Collected data:
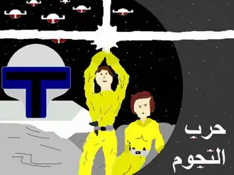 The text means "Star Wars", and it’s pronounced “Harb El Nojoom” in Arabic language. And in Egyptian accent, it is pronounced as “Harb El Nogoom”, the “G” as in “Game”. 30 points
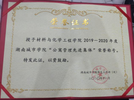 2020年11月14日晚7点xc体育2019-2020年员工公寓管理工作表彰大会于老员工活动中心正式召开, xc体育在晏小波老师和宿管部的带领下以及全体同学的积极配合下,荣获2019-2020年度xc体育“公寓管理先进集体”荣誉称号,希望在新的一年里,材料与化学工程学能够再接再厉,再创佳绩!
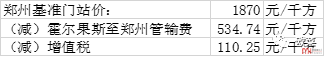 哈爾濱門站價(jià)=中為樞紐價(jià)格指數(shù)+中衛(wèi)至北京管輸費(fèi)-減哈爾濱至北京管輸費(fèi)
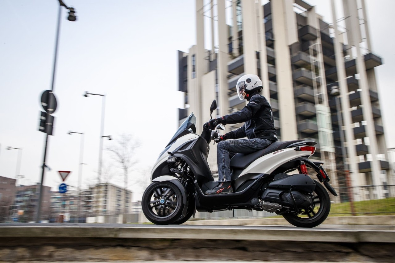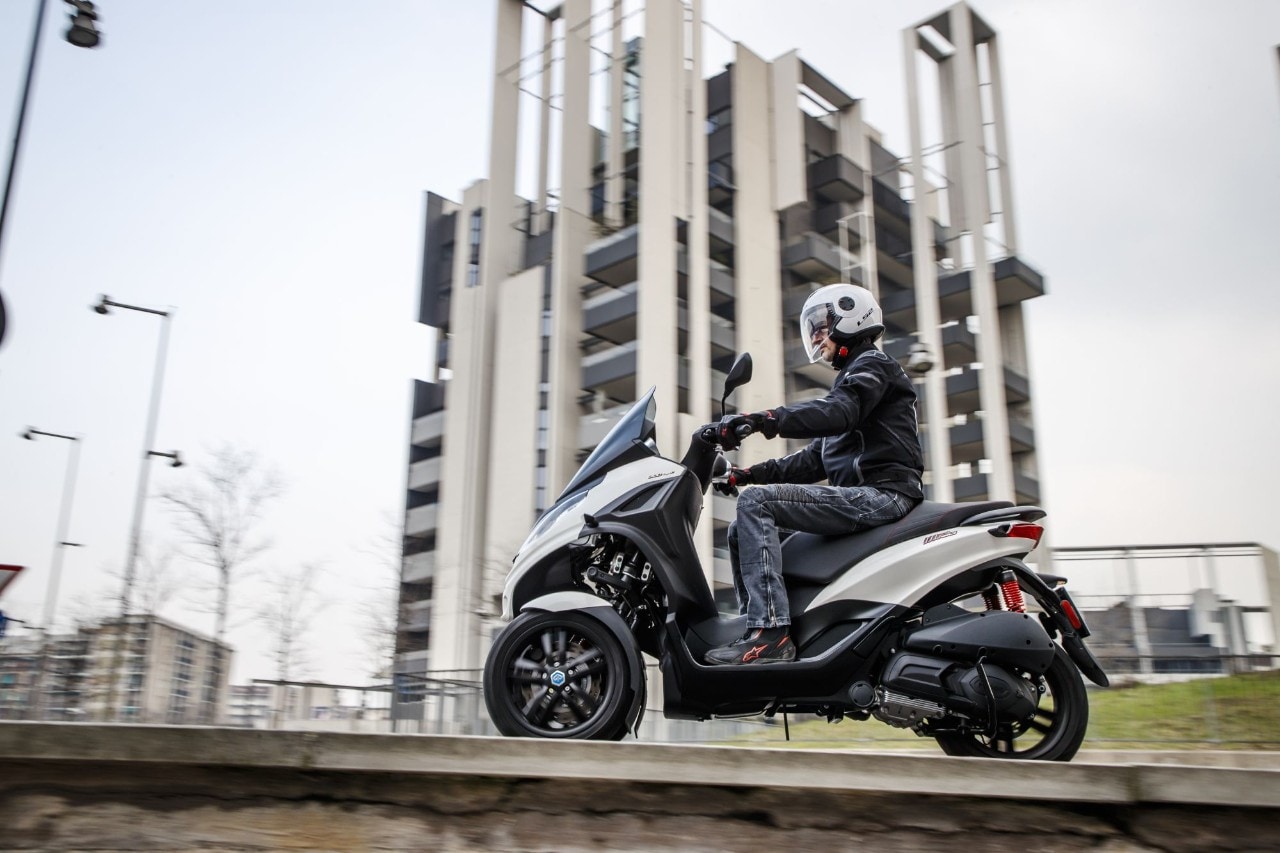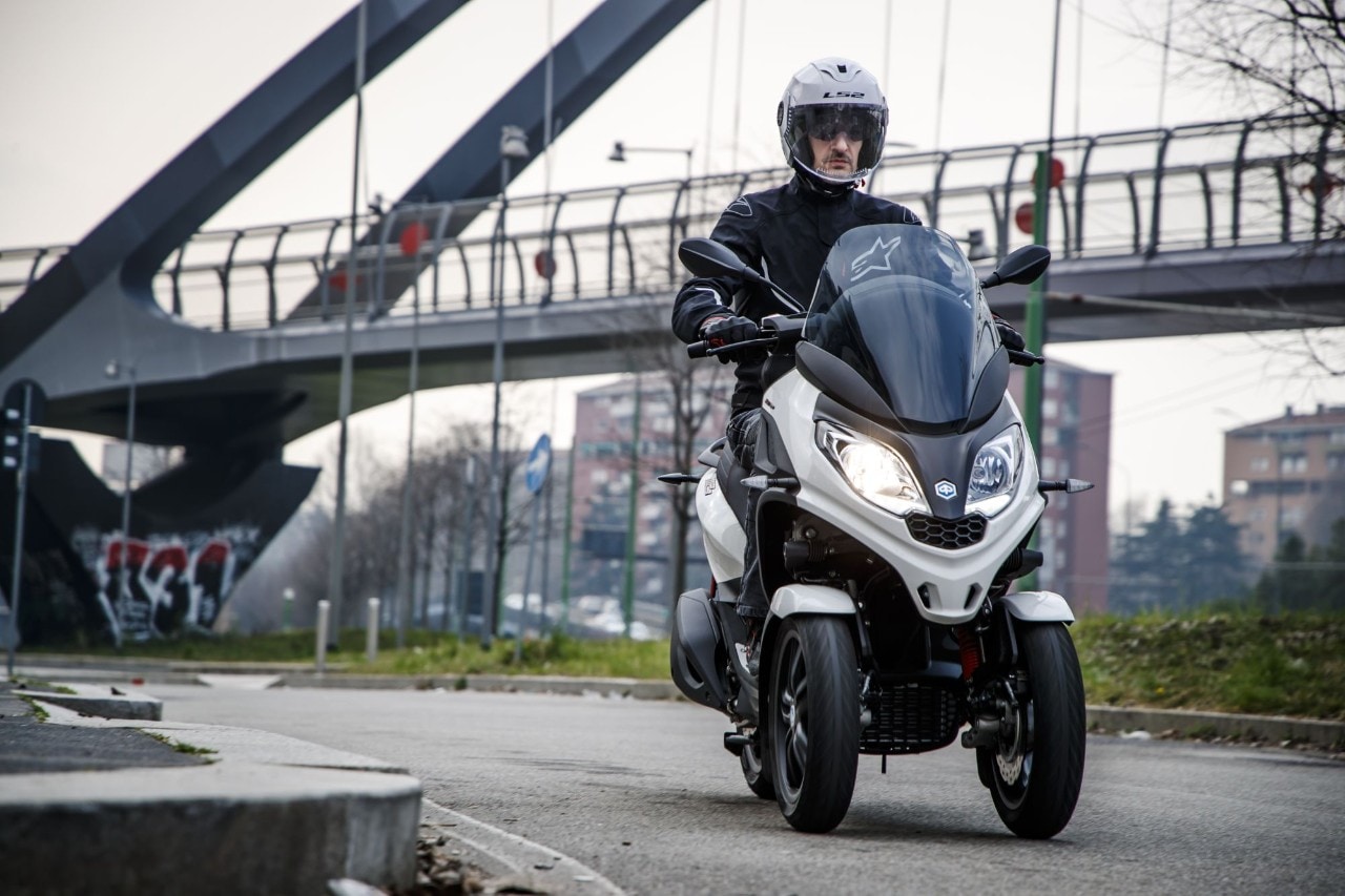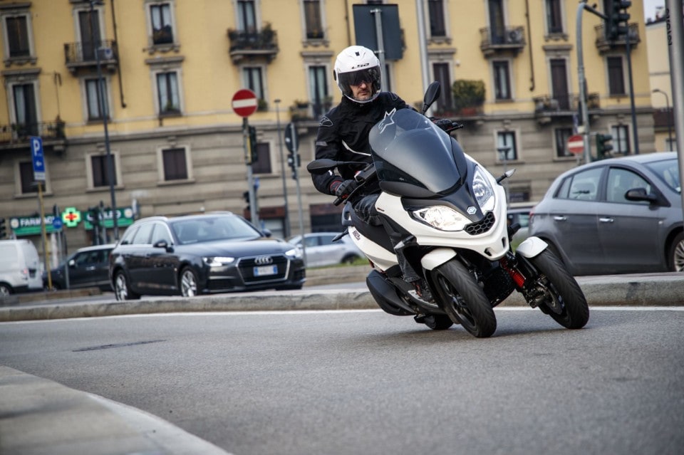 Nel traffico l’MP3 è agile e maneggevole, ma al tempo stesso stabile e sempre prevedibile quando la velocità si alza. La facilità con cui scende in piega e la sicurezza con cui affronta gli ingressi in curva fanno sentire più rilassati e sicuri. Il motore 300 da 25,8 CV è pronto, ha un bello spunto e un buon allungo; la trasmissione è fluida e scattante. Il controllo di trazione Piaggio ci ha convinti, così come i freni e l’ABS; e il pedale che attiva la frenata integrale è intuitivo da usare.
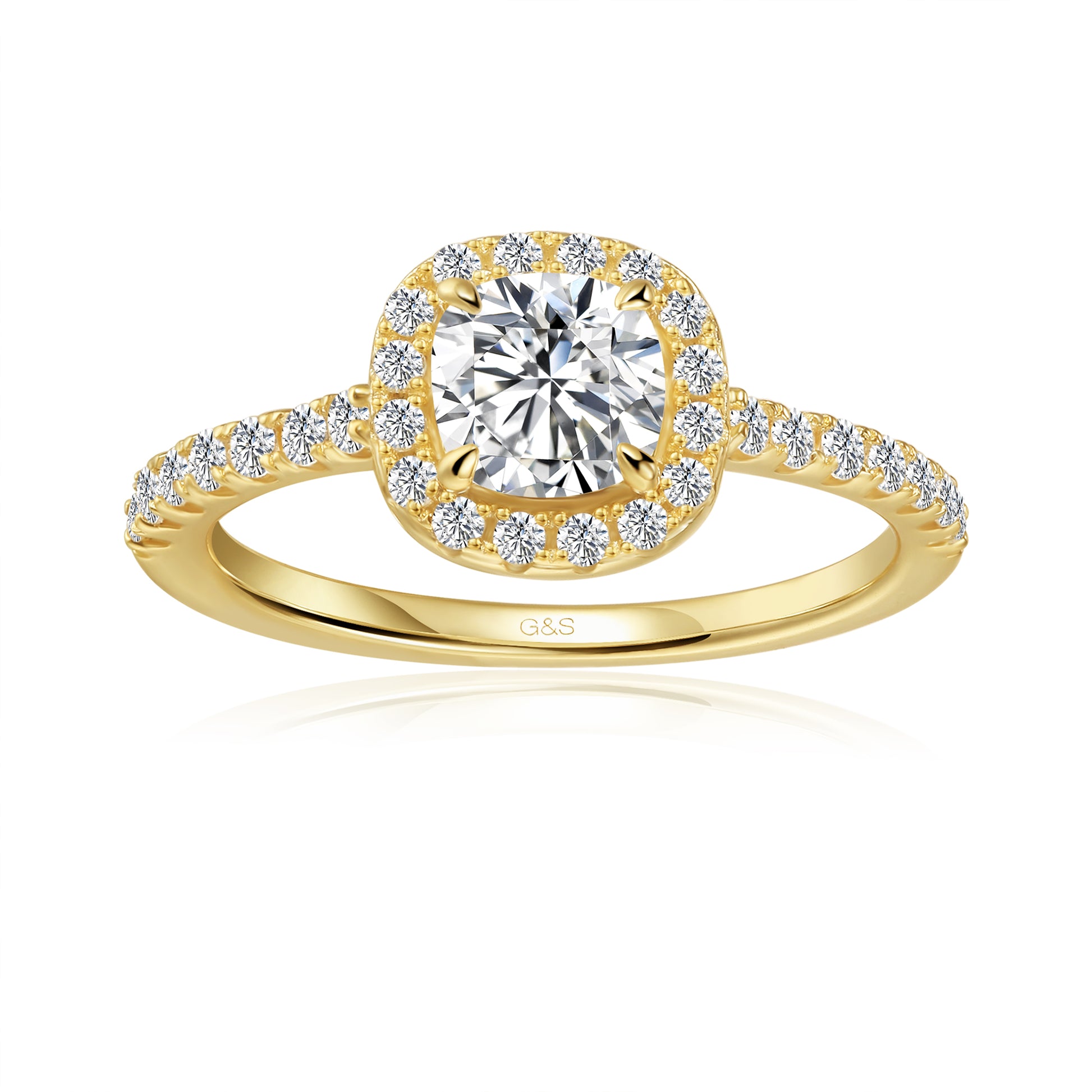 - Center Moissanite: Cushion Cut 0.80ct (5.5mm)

:: INSTRUCTIONS FOR THE TASK ::
Give back word for word the lines from the one containing "哈爾濱門站價(jià)=中為" through the final line of the data above. Pictures are to be left out.

:: YOUR SOLUTION ::
 哈爾濱門站價(jià)=中為樞紐價(jià)格指數(shù)+中衛(wèi)至北京管輸費(fèi)-減哈爾濱至北京管輸費(fèi)
 Nel traffico l’MP3 è agile e maneggevole, ma al tempo stesso stabile e sempre prevedibile quando la velocità si alza. La facilità con cui scende in piega e la sicurezza con cui affronta gli ingressi in curva fanno sentire più rilassati e sicuri. Il motore 300 da 25,8 CV è pronto, ha un bello spunto e un buon allungo; la trasmissione è fluida e scattante. Il controllo di trazione Piaggio ci ha convinti, così come i freni e l’ABS; e il pedale che attiva la frenata integrale è intuitivo da usare.
 - Center Moissanite: Cushion Cut 0.80ct (5.5mm)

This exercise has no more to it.